• _Work to complete_: Give again, exactly as written, each line of the material below starting at the line that contains "Das Passepartout ist" and ending at the line that contains "Demonia Mens Black". Both ends count, and no other line does.

• _Data to use_:

*** Begin section ***

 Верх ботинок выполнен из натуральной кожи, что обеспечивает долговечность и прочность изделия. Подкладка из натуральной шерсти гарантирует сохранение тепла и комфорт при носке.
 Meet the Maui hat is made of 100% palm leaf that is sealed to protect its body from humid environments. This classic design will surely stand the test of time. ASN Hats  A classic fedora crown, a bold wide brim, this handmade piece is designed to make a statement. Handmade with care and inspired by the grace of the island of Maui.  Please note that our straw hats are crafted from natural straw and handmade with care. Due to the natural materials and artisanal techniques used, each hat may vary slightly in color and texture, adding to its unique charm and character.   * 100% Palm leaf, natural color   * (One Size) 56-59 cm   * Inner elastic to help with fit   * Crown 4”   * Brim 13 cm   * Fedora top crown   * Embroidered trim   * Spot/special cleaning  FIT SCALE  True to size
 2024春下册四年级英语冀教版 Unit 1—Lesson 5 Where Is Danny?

*** End section ***
*** Begin section ***

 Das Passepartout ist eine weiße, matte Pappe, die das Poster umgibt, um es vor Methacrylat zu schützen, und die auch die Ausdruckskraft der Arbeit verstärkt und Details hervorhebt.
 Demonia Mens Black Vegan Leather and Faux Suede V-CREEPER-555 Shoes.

*** End section ***

• _Expected answer_:
 Das Passepartout ist eine weiße, matte Pappe, die das Poster umgibt, um es vor Methacrylat zu schützen, und die auch die Ausdruckskraft der Arbeit verstärkt und Details hervorhebt.
 Demonia Mens Black Vegan Leather and Faux Suede V-CREEPER-555 Shoes.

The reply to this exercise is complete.